Your objective:
The expected output is the full data, repeated exactly, without pictures.

Input:
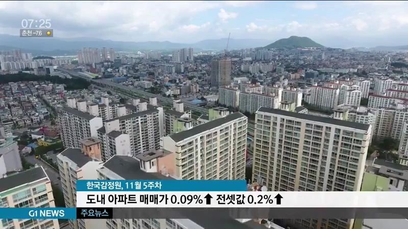 한국감정원에 따르면, 11월 5주차 도내 아파트 매매가 상승률은 0.09%로 떨어져, 강원도 11월 주간 아파트 매매가 상승폭 가운데 최저치를 기록했습니다.
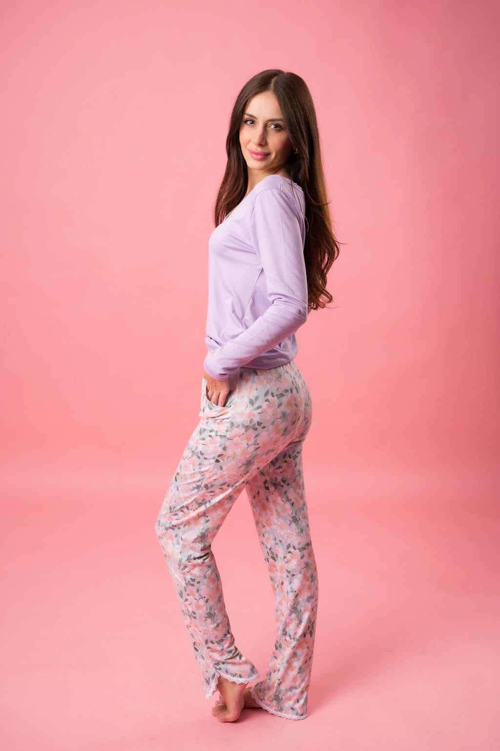 El pantalon es recto, estampado, con bolsillos delanteros, botamanga circular con detalle de puntilla de 1,5 cm al tono, cintura elastizada de 3 cm de ancho.
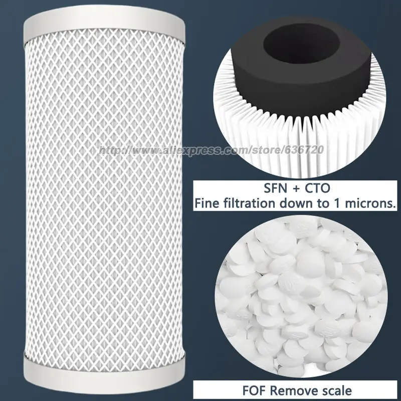 CTO CARBON FILTER REDUCES CHLORINE – Le deuxième étape du filtre à eau par osmose inverse est un filtre Carbon Block.Le filtre à charbon actif de 5 microns réduit le chlore et conditions de l’eau.
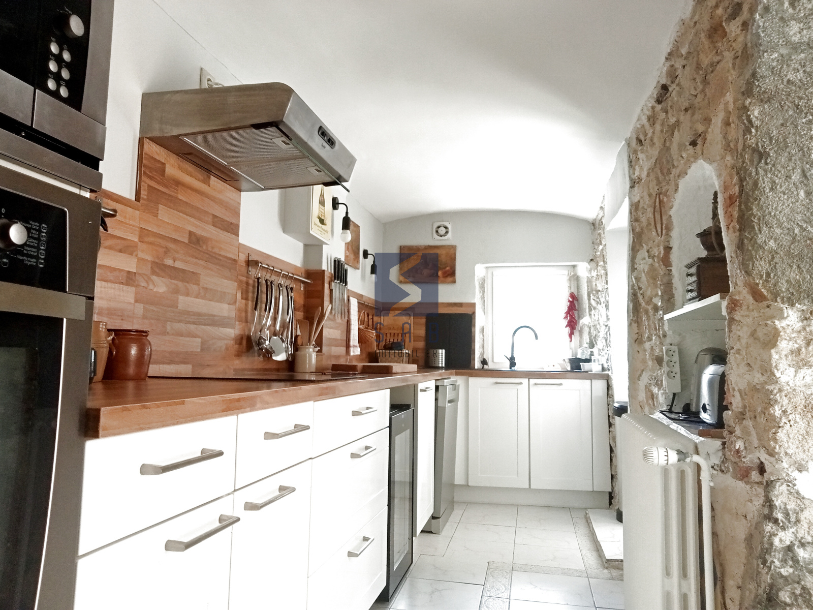EXCLUSIVITE - La Voulte sur Rhône : Charmante maison de rue avec terrasse et jardin offrant 5 chambres sur 150 m² : Au RDC un hall d'entrée, un salon, un séjour-salle à manger, une cuisine équipée et une salle de bains/wc - Au 1er étage : 3 chambres spacieuses dont une donnant sur grand dressing/bureau, une salle de bains/wc - Au 2ème étage : 2 spacieuses chambres, une salle d'eau/wc - Terrasse de 32 m² donnant sur jardin clôturé/arboré - Caves voûtées saines et spacieuses - Chauffage central Gaz de ville. Tout à l'égout.
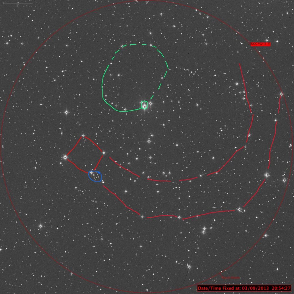 The bright star at the 12 oclock is HD11885 and this forms the right hand side of a cup shape group of stars heading off to the 10 o’clock. Stare for a little longer and this cup shaped curve continues round until you end up with an egg shaped oval.
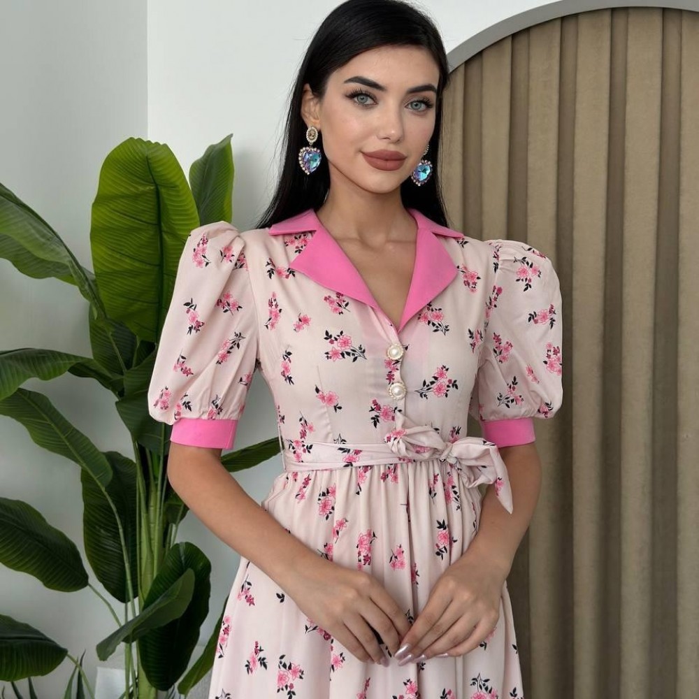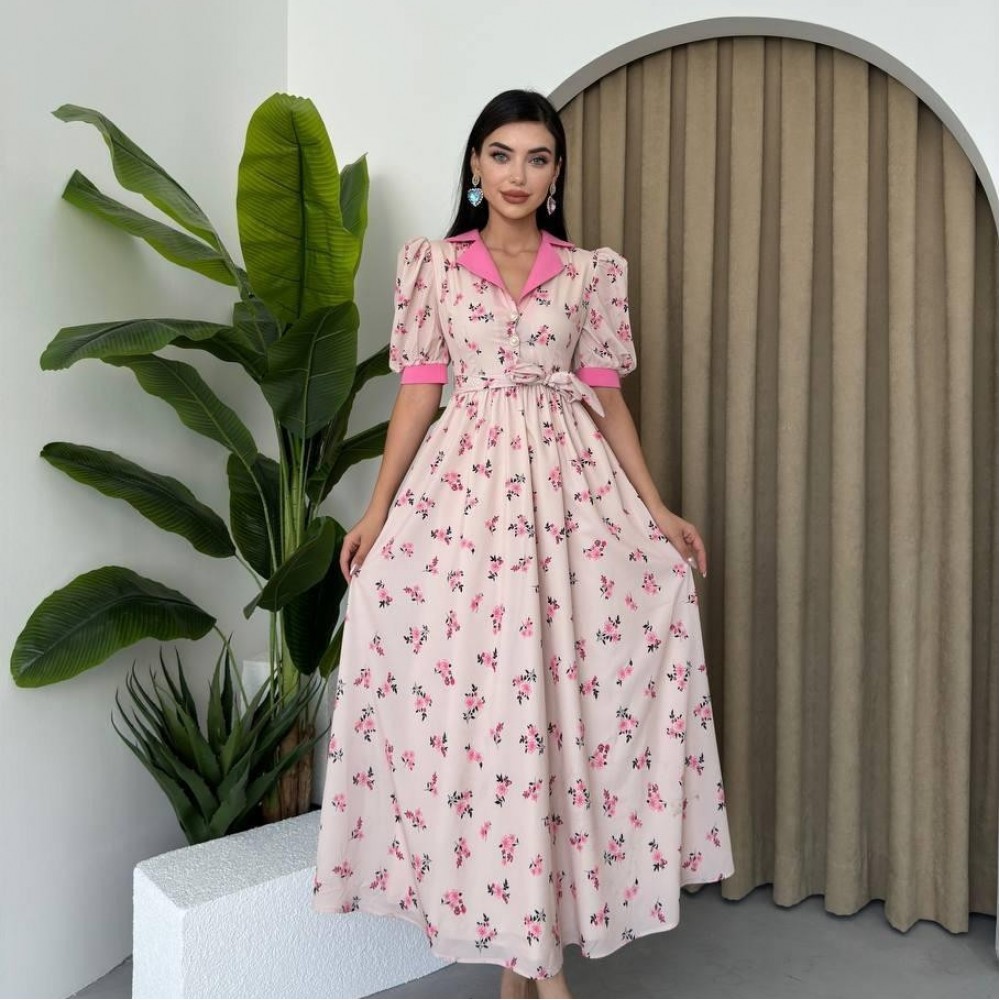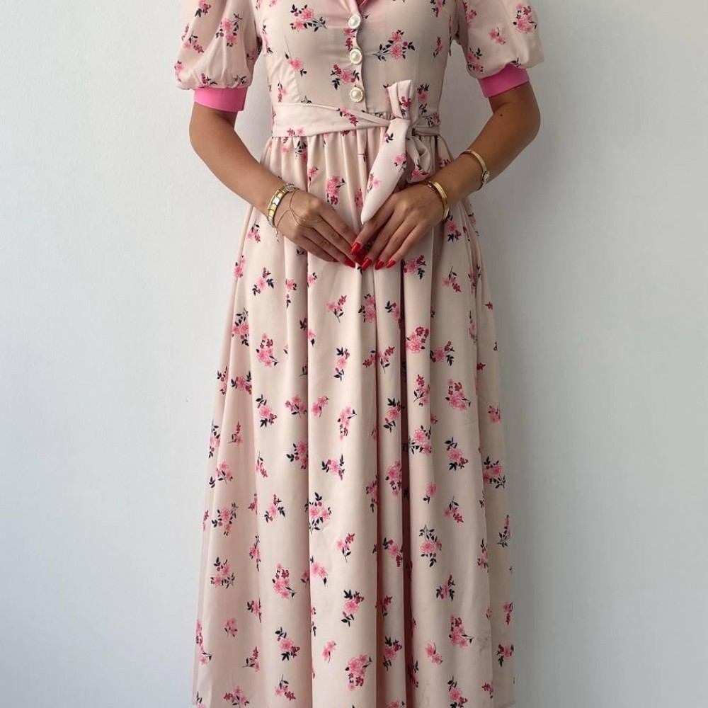 M00435-PEMBE Pembe ELBİSE
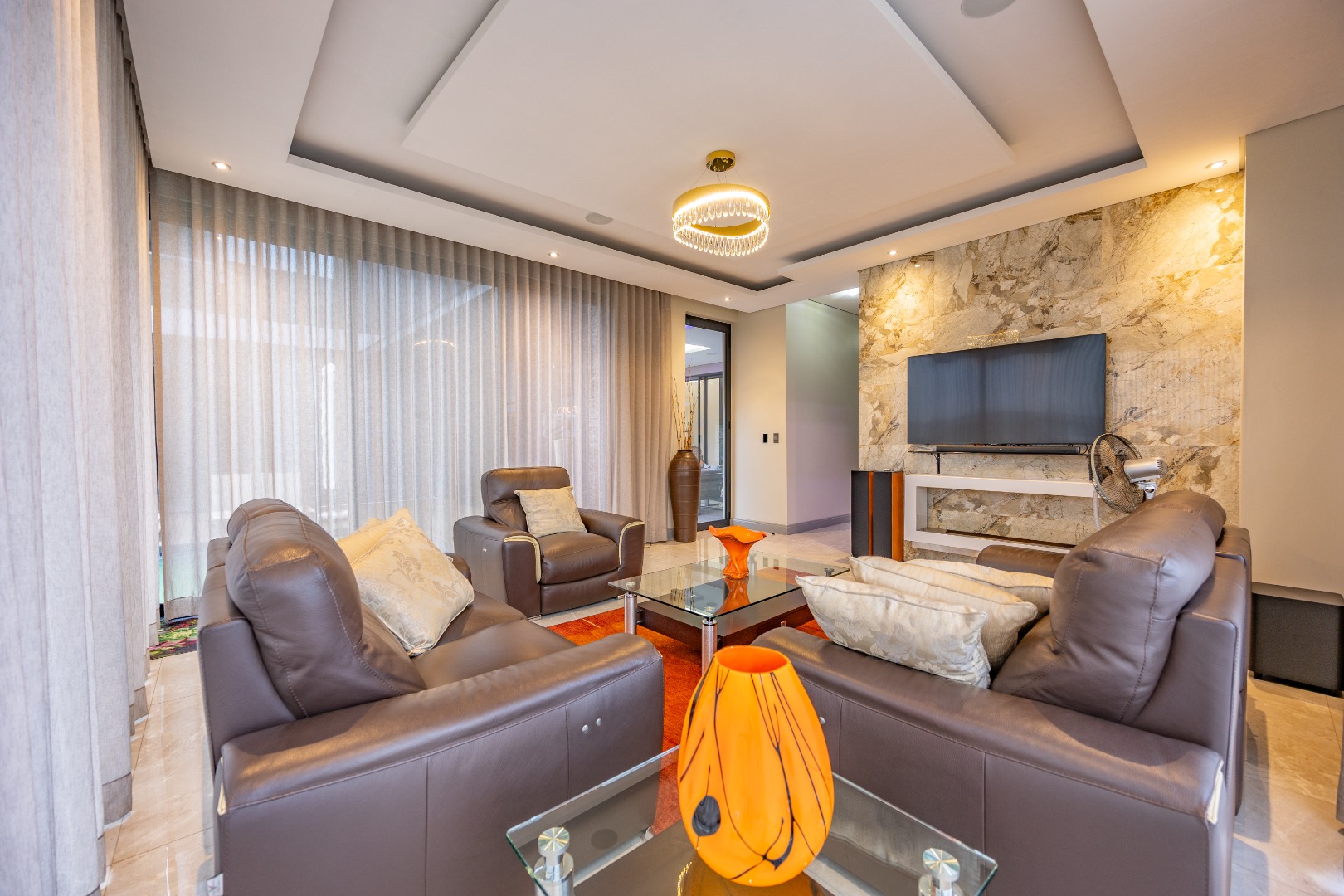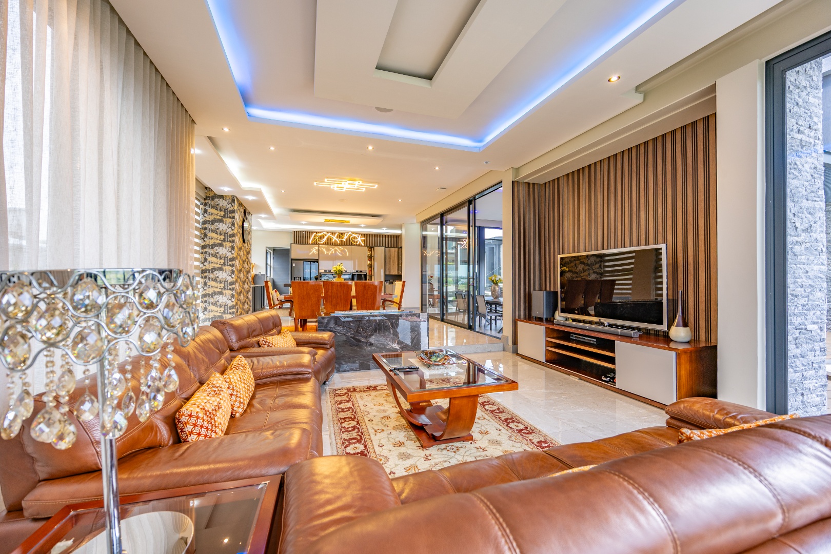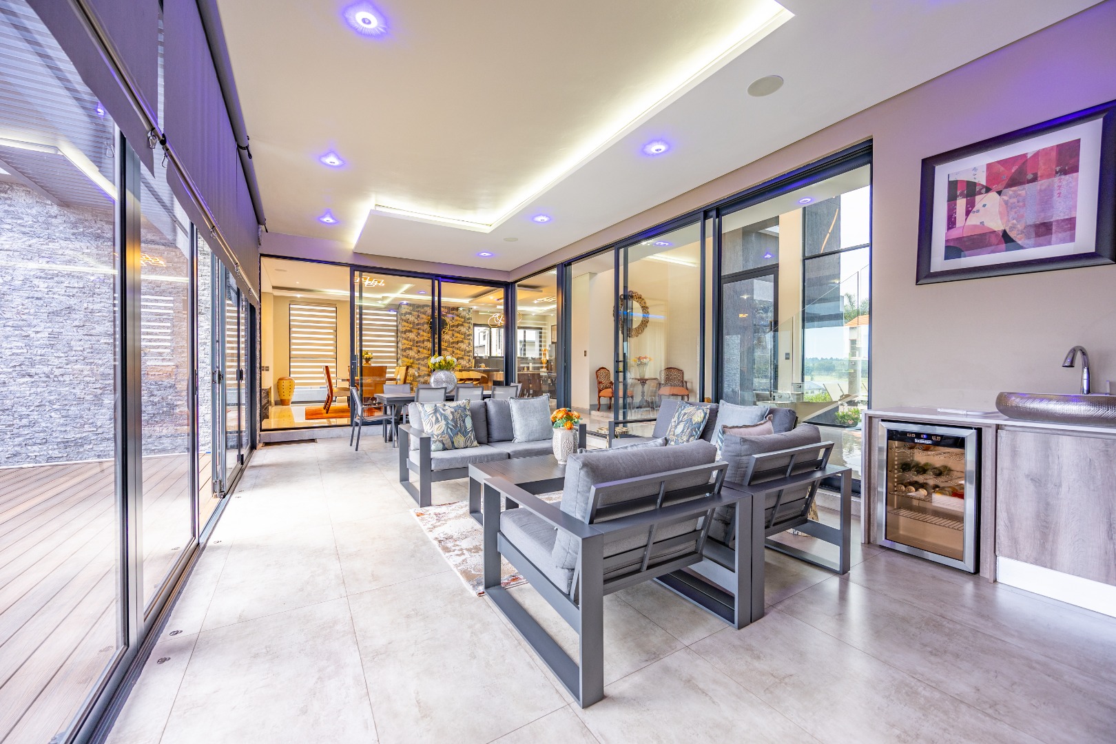 Adjacent to the dining area, the first living room exudes warmth provided by the elegant fireplace and style, with plush seating and contemporary decor that invites relaxation. Large stack doors open up to the undercover entertainment area, a true highlight of the home. This space features easy access to a sparkling infinity pool surrounded by wooden decking and stylish outdoor seating, perfect for soaking up the South African sun while enjoying seamless indoor-outdoor living.

Solution:
 한국감정원에 따르면, 11월 5주차 도내 아파트 매매가 상승률은 0.09%로 떨어져, 강원도 11월 주간 아파트 매매가 상승폭 가운데 최저치를 기록했습니다.
 El pantalon es recto, estampado, con bolsillos delanteros, botamanga circular con detalle de puntilla de 1,5 cm al tono, cintura elastizada de 3 cm de ancho.
 CTO CARBON FILTER REDUCES CHLORINE – Le deuxième étape du filtre à eau par osmose inverse est un filtre Carbon Block.Le filtre à charbon actif de 5 microns réduit le chlore et conditions de l’eau.
EXCLUSIVITE - La Voulte sur Rhône : Charmante maison de rue avec terrasse et jardin offrant 5 chambres sur 150 m² : Au RDC un hall d'entrée, un salon, un séjour-salle à manger, une cuisine équipée et une salle de bains/wc - Au 1er étage : 3 chambres spacieuses dont une donnant sur grand dressing/bureau, une salle de bains/wc - Au 2ème étage : 2 spacieuses chambres, une salle d'eau/wc - Terrasse de 32 m² donnant sur jardin clôturé/arboré - Caves voûtées saines et spacieuses - Chauffage central Gaz de ville. Tout à l'égout.
 The bright star at the 12 oclock is HD11885 and this forms the right hand side of a cup shape group of stars heading off to the 10 o’clock. Stare for a little longer and this cup shaped curve continues round until you end up with an egg shaped oval.
 M00435-PEMBE Pembe ELBİSE
 Adjacent to the dining area, the first living room exudes warmth provided by the elegant fireplace and style, with plush seating and contemporary decor that invites relaxation. Large stack doors open up to the undercover entertainment area, a true highlight of the home. This space features easy access to a sparkling infinity pool surrounded by wooden decking and stylish outdoor seating, perfect for soaking up the South African sun while enjoying seamless indoor-outdoor living.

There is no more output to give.